I had an extended period of unemployment and lived off of credit cards for a while. I have $17,000 in credit card debt at 13%, and another $8,000 at 0% with intro ending in March. I was close to 50% in credit card usage a month ago, but card companies dropped my limits by a total of $10,000 last month. This will leave me around 70% in credit card usage. Though I am 100% on on-time payment, my credit ratings among the three bureaus range from 570 to 650.
I am now employed and can pay back about $1800 a month in debt. I thought a consolidation loan might help my credit rating, but I was offered a rate of 15% on $17,000. That is higher than my current credit card interest. As far as secured loans, I rent my home and have no property. There is maybe about $3k difference between what my car is worth and what is left to pay.
Is paying my 13% credit card at $1800 per month the best strategy? Are there better options?

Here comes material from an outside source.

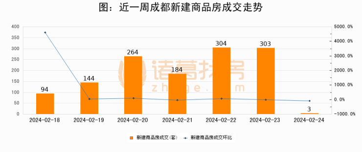【成都成交日报】02月24日新房成交3套、二手房60套;涨价房源153套

Yes, you don’t want to end up paying higher interest, because that means you will pay off things longer. Pay the minimum on all but the smallest balance and put everything you have towards that, until it’s paid off. The work your way to paying them all off in that way. Good luck.
Hi @mark.r. I definitely agree with what @jeremym said about not paying the higher interest rate. Paying off your cards directly instead of taking out the loan is your best option.
One thing I’d suggest though is paying the minimum on the $8,000 card while it’s at 0% and putting every extra cent you have right now toward the $17K balance. Once the 0% interest period ends in March, you can compare the interest rates. If one is much higher, focus on that one. But if the rates are similar, knocking out the one with the smallest balance is a good move.
Definitely don’t touch your $3K of car equity to pay off any credit card debt. Just keep making your car payments as usual.
The good news here is that you’re clearly already on your way to recovering from a long spell of unemployment since you’re working again and have $1,800 to put toward debt.
Even though your credit score may have taken a hit from the credit limit decrease, this is a temporary setback. As you pay down your credit cards, you’ll see your scores increase. A temporary increase in your credit utilization has no lasting impact on your score. When you reduce it, you’ll see your score increase within a month or two.